Altela Cleans Up Dirty Water's Act

The water- purifying and desalination company looks to raise a second round of funding to expand the use of its technology that curbs the harsh water disposal methods used by companies that drill for oil and gas.

Altela, a company that claims it can make the water extracted during oil and gas drilling drinkable, is seeking $26 million in a second round of funding.

At the Dow Jones Environmental Ventures conference in San Mateo, Calif., this week, CEO Ned Godshall said the Albuquerque, N.M.-based company hopes to close the round in the third quarter.

In May, the company announced that it had snagged $7.1 million from CCS Income Trust and other investors (see Investors High on Water). The company has raised a total of $10 million in funding so far.

Altela plans to use the new financial infusion to expand its manufacturing capacity and to grow its sales beyond the United States and Canada.

Founded in 2005, Altela has developed a water-purifying and desalination system that uses thermal distillation, an energy-intensive process of heating dirty or salty water and then capturing fresh water as vapor rises from the mixture.

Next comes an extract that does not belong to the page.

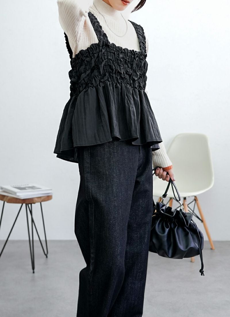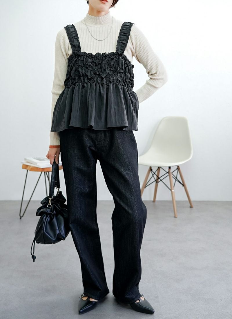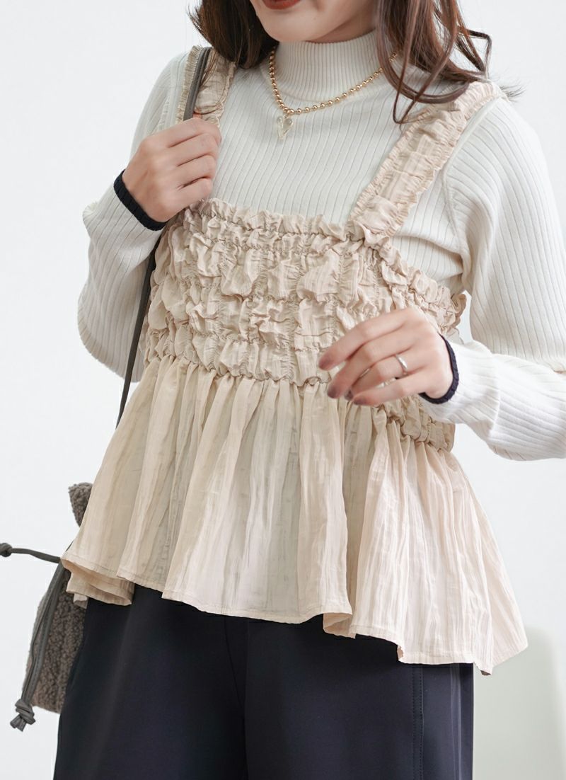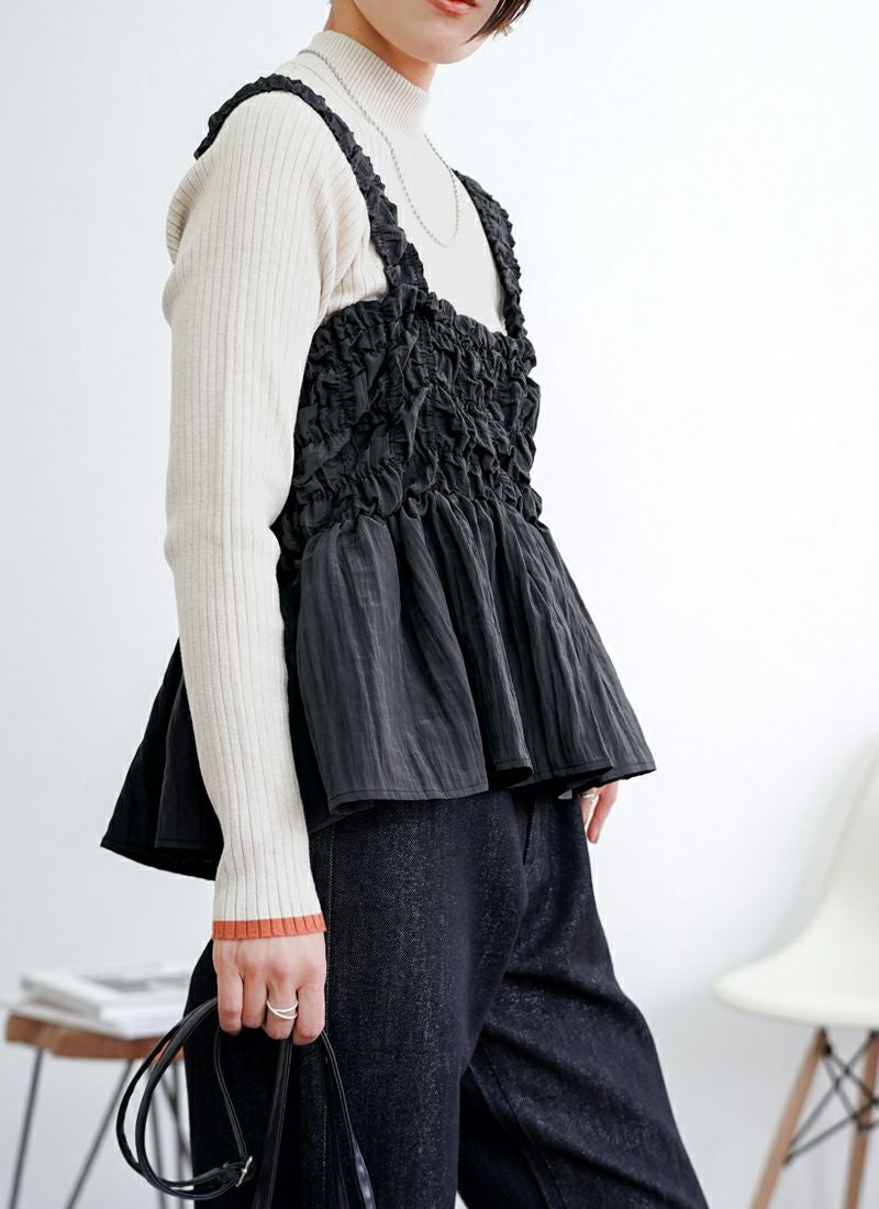 revoam【くしゅっとしたタフタ素材と、ふんわりフリルの甘さが絶妙。主役級キャミソール】 【20%OFF】ワッシャータフタリングキャミ

Thermal distillation isn't new. "It's what I call a 10th-grade science experiment," Godshall said.

But the company claims it has figured out how to make the process more energy efficient, making three gallons of water using the energy it normally would take to make one.

Godshall wouldn't reveal how the company does it. But he said the technology is made of a cheap plastic material, which helps keep costs down, and the whole system fits into a single shipping container that is trucked in and dropped off at a drilling site.

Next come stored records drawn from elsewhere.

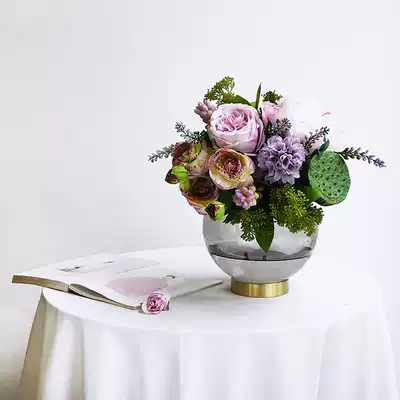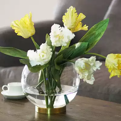 Copper ring base transparent vase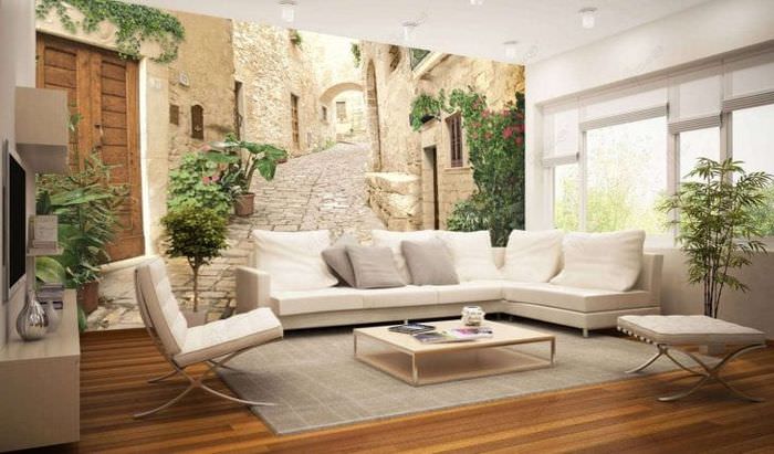 - Город – улица с домами наполнит комнату энергией, можно выбрать небольшой городок с маленькими домиками или крупный мегаполис, например, широкой популярностью пользуются виды Эйфелевой башни в Париже.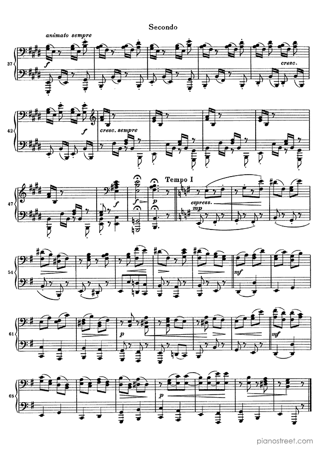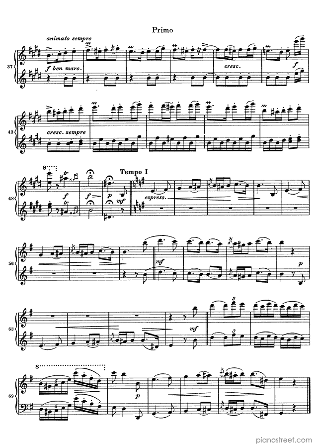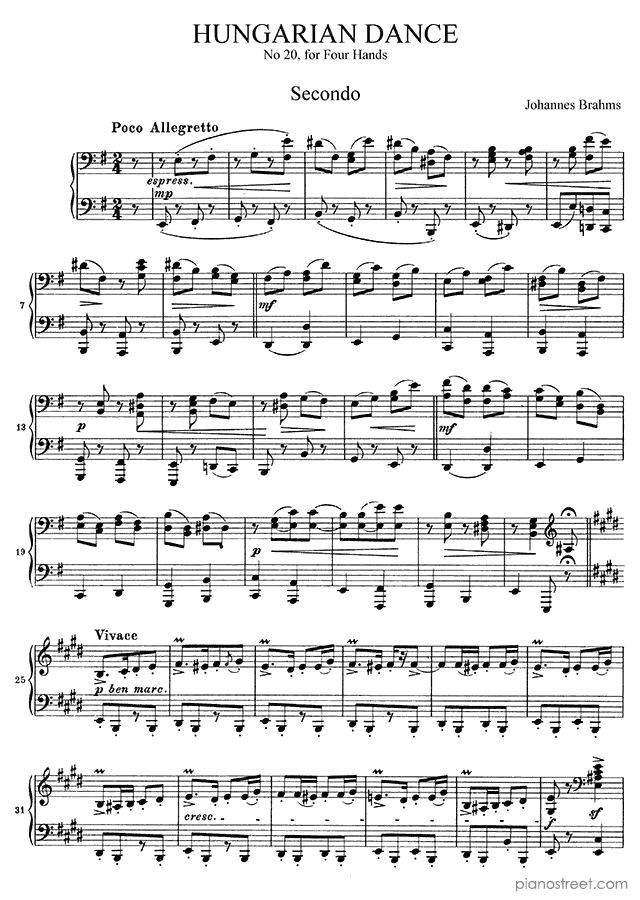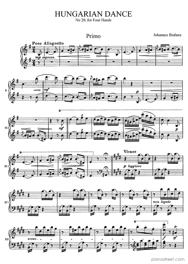 Downloadable piano sheet music from Hungarian Dances (four hands) by Johannes Brahms to print: Hungarian Dance No. 20 in E Minor (published in 1880)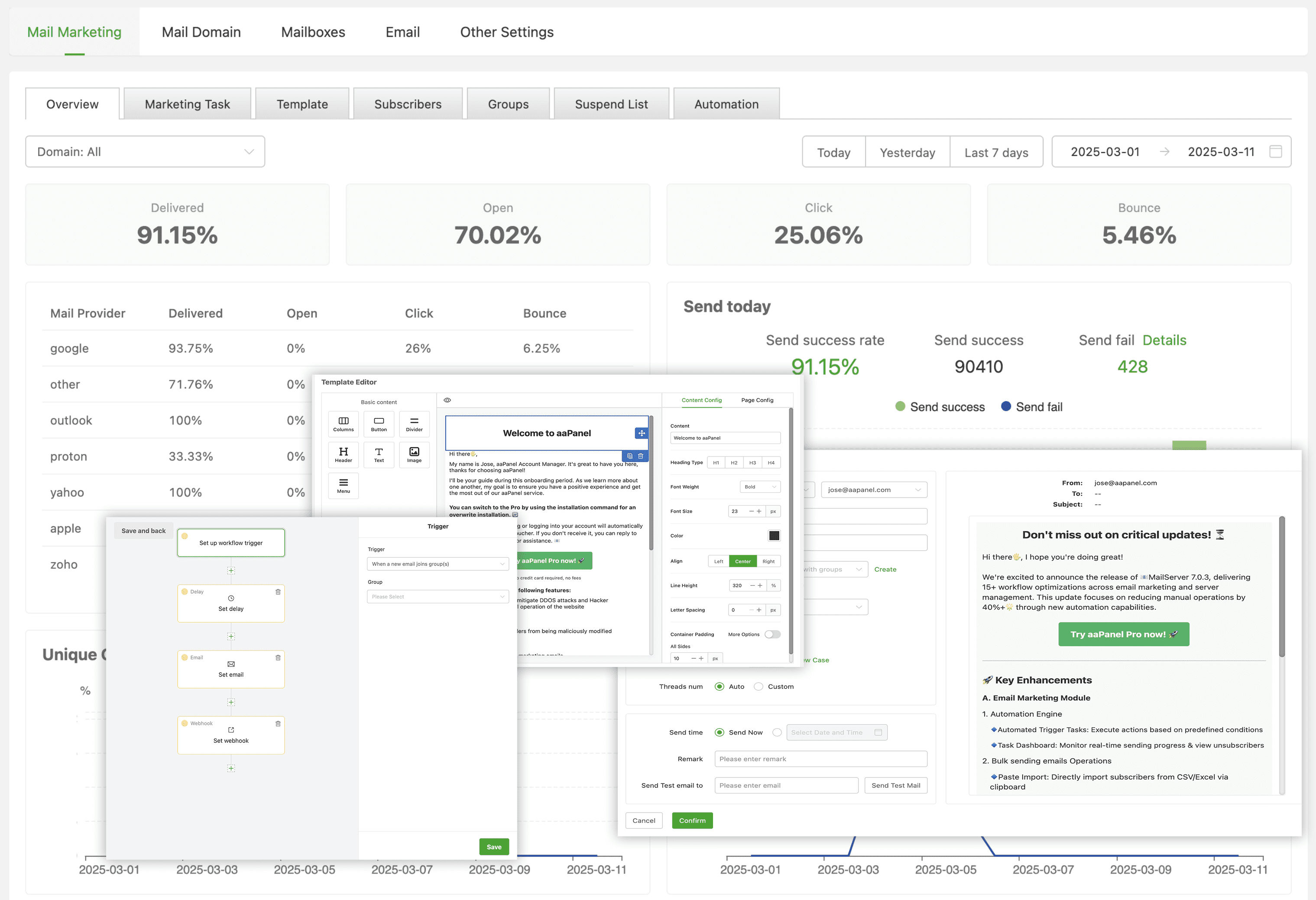 aaPanel email marketing capabilities help you create, send, and track effective marketing emails easily and quickly

Today, oil and gas companies have to use big rigs to haul away the salty polluted water from drilling. The companies then have a few ways in which they can dispose of the water, including injecting it into specially created wells.

By using Altela's technology, oil and gas companies can cut nine out of 10 truck trips, Godshall said, making the company's approach cheaper and more environmentally friendly.

In spite of a rapidly growing demand for water, a market in the billions of dollars and venture capitalists calling water-treatment technologies the Next Big Thing, water investments have been scarce for years (see Parched for VC Funding, VCs Say Water Industry Should Take Lessons From Energy and Hedge Fund Picks: Solar, Energy Storage, Water ... and Biofuels).

But those tides are starting to change (see Water Investment Picks Up and Water Investment Drought Over?). Among the water-purification companies that have scored funding in the last year are Ioteq, Purfresh and Cascade EcoSolutions. Desalination companies Seven Seas Water, Advanced Desalination Technologies, Tampa Bay Water and Stonybrook Purification also have raised cash.

Most of those desalination technologies use membranes to filter out impurities.

But Godshall claims membrane technology can't handle high levels of salt. "Reverse osmosis pretty much peters out at the level of sea water," he said, adding the brackish water that surfaces when drilling for oil and gas is saltier than the oceans.

Quos, which counts Vinod Khosla among its backers, also uses no membrane. Ioteq and Purfresh also don't use membranes, but are targeting a different market - food.

Godshall claims that Altela-treated water has 20 times less salt then a glass of tap water and is pure enough to drink, something he said he has done many times.